But then the Doctor spotted Proper Dave’s second shadow and the mystery of River Song was pushed to the back of his mind.

~oOo~

The Doctor started up their conversation again as he tried frantically to get the lights working. _It's not just that she knows the name, Rose. She should know what being a companion is. But instead she sought Donna out, dropping hints, like she didn't care about the timelines._

 _Maybe figure it out later when you're not in danger, love?_ Rose's thoughts were tinged with panic. There was too much happening all at once: the mystery of River’s screwdriver, plus her anger with him for sending Donna away, not to mention the Vashta Nerada were now swarming in earnest.

She was in the Doctor’s head, and could feel his fear, his reason for wanting to keep Donna safe if he possibly could.
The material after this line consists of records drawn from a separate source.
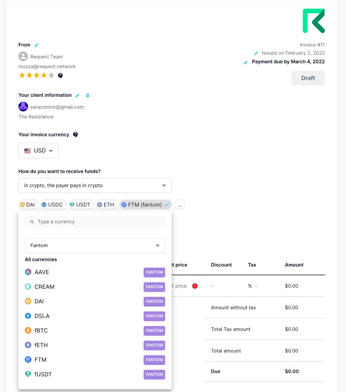 That’s why in August 2021, we announced that Request Finance’s fast and simple app to generate, track, and pay invoices was made available to the rapidly expanding community of users transacting on Fantom.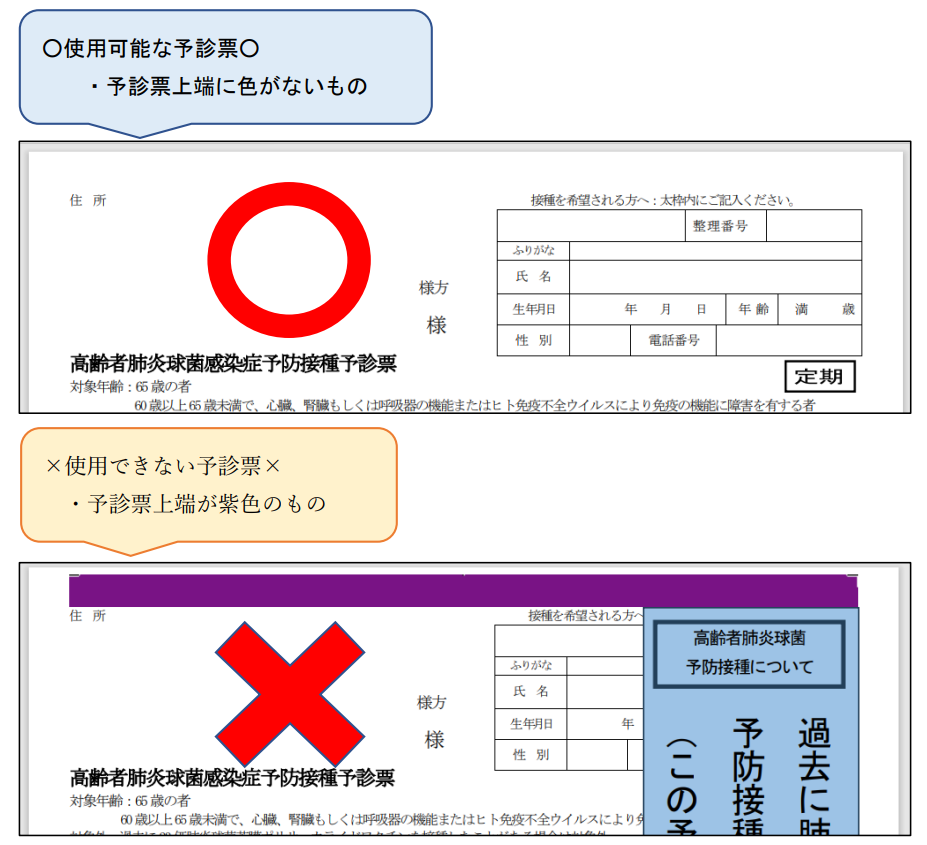 すでに予診票(上端ライン紫色)をお持ちの方で、接種が確認できない満65歳の方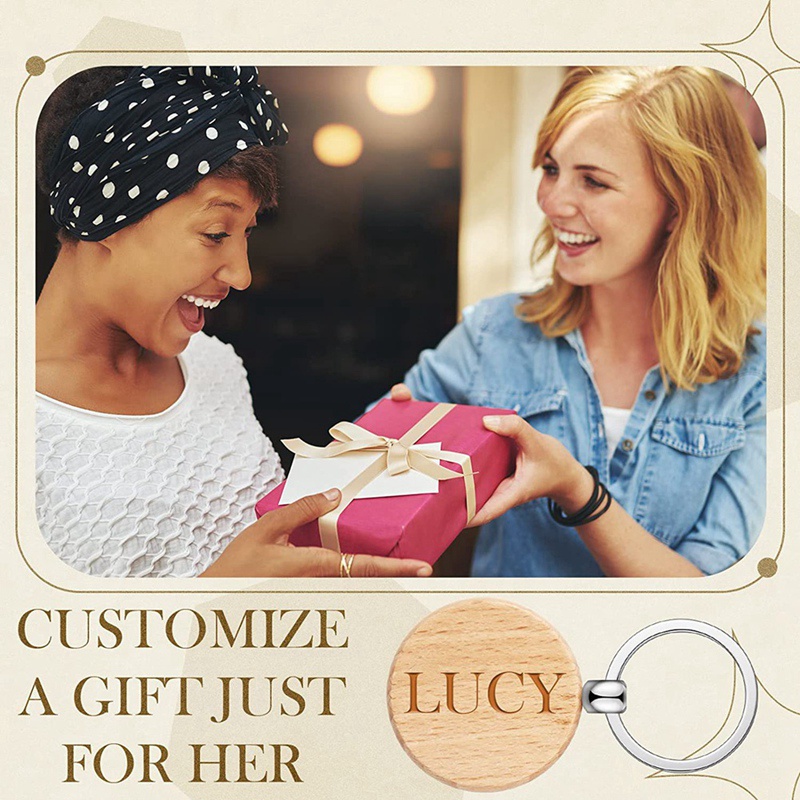 100 Pieces Wooden Keychain Blanks Round Wood Keychain Blanks Unfinished Wooden Key Ring Key Tag B
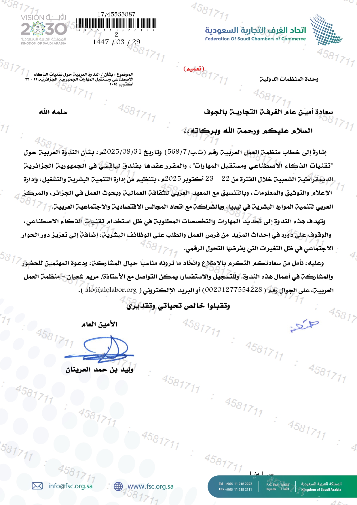 (العربية) بشأن الندوة العربية حول تقنيات الذكاء الاصطناعى ومستقبل المهارات - الجمهورية الجزائرية ٢٢ - ٢٣ أكتوبر ٢٠٢٥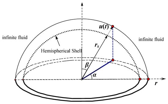 Figure 2 shows a mechanical model of a hemispherical shell vibrating in a radial direction in the unbounded fluid. Obviously, structure vibration affected the boundary of flow, while the pressure of flow affected the structure simultaneously. With an inviscid fluid hypothesis, the assumption of , and the character of axial symmetry, the FSI coupling equation can be simplified as follows [], where represents the areal density of the shell, represents the displacement of vibration, represents the bending stiffness, represents the velocity of fluid in the radius direction, and represents the pressure differential between the upper surface and the bottom surface of the shell.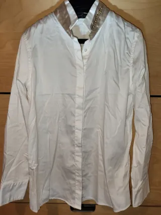 Elegante camisa blanca de Roberto Verino con detalles dorados en el cuello. - Cuello con acabado satinado y adornos. - Cierre de botones. - Manga larga.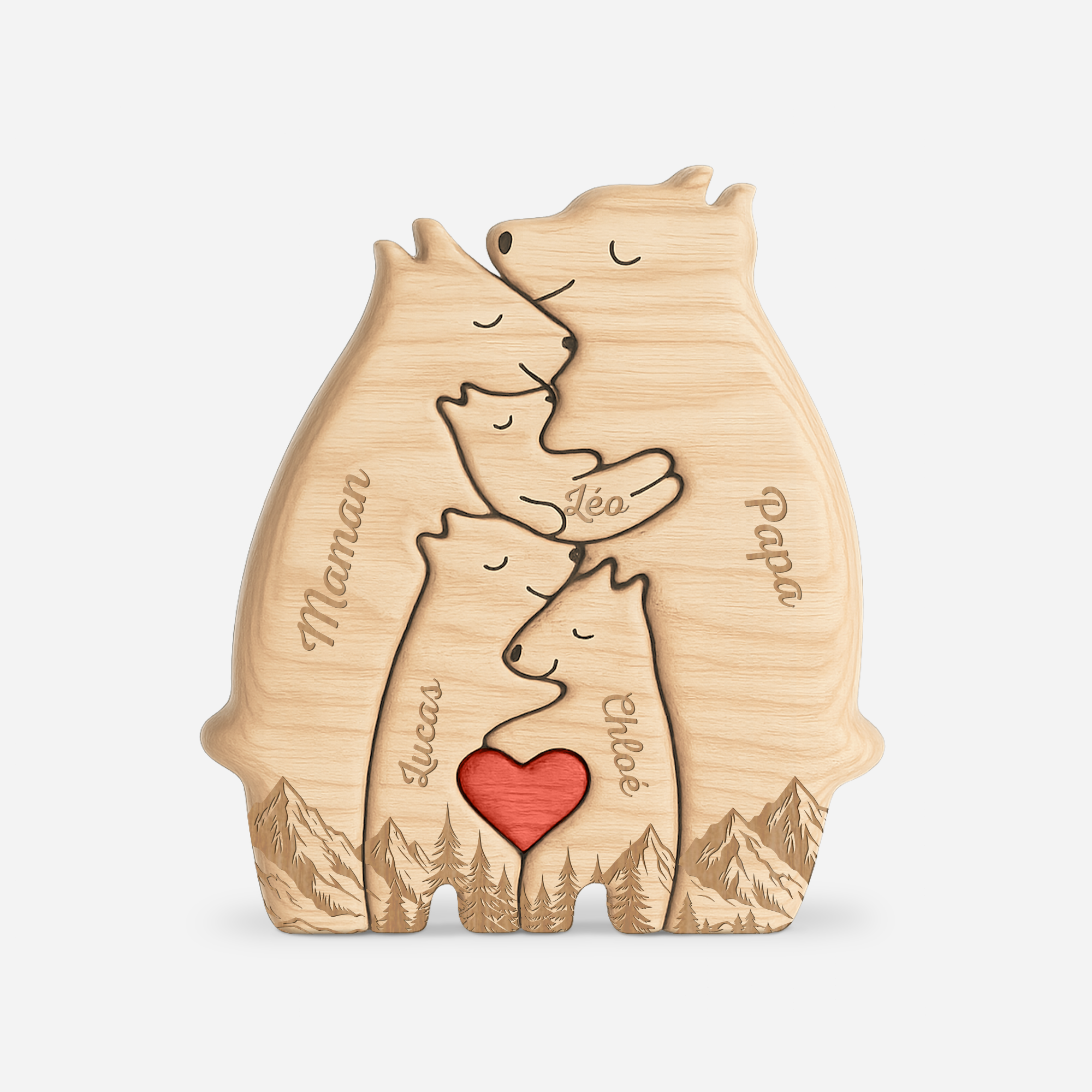Famille Ours Forêt & Montagne - Puzzle En Bois Personnalisé Avec Prénoms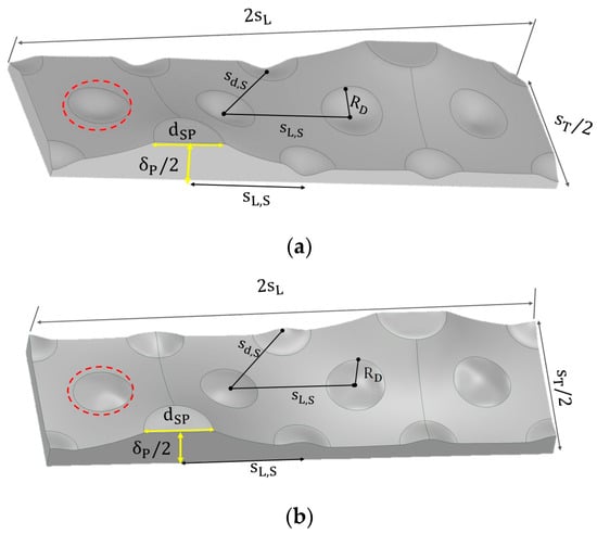 Periodic section of a PP outer channel with dimpled surface: negative (a) and positive (b). Red dash line denotes one of the dimples.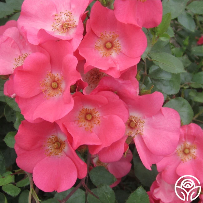 Coral Meidiland features delicately fragrant, pink buds that open into bright coral-salmon, single blooms with 5 petals each. The blooms fade into a white eye and are a favorite of pollinators. This bushy, continually blooming plant with dark green, dense foliage has excellent resistance to mildew and blackspot.

But Rose had been on the receiving end of that kind of treatment, more than once. _I would’ve been furious with you_.

 _Better furious and alive_. The Doctor’s thoughts were clipped and Rose let the matter go for now. The time to hash it out would be after they got out of the Library.
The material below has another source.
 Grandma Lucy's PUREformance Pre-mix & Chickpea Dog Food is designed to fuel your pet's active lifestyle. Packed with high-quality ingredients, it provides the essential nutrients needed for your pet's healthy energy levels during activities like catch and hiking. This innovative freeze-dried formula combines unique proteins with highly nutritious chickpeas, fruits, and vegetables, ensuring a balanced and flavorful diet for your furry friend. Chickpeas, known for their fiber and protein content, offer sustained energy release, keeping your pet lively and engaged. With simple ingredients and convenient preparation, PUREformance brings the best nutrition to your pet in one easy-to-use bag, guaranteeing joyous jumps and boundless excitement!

River echoed her sentiments. “We need to get a shift on.”

The Doctor checked his sonic, cold premonition creeping over him. Rose shivered at the touch of it on her mind.

“She’s not there,” he said. “I should have received a signal. The console signals me if there’s a teleport breach.”

“Well, maybe the coordinates have slipped,” River suggested. “The equipment here’s ancient.”

The Doctor approached the nearest node, heart pounding. If he’d inadvertently sent Donna somewhere else in the Library, completely on her own…

The node turned around. It had Donna’s face.

The Doctor’s brain stopped. Outside, River was shouting; inside, Rose was screaming at him. _Doctor!_ But all he could see was Donna. The friend he’d doomed trying to keep her safe, ignoring her wishes. The blame was squarely on his shoulders.

It wasn’t until River literally wrenched him out of it, grabbing him by the arm and pulling him along, that he spared a thought to his own predicament.

_DOCTOR!_

The Doctor winced; Rose’s voice was like a klaxon in his head. _I’m sorry_ , he thought. _I’m so, so, sorry._ He didn’t even know if he was projecting it through the bond or not, his thoughts scattered, but Rose quieted all the same.

 _Doctor, come on, keep it together, yeah?_ She sounded like she was hardly keeping it together herself. _You’ve got to keep yourself safe too, you hear me?_

But the Doctor was out of ideas. They were trapped between the shadows and Dave and he couldn’t make his brain work to come up with a solution. Donna’s voice just kept repeating the same line behind them and he couldn’t focus on anything except the thought that her last words would be as a face on the courtesy nodes she’d hated.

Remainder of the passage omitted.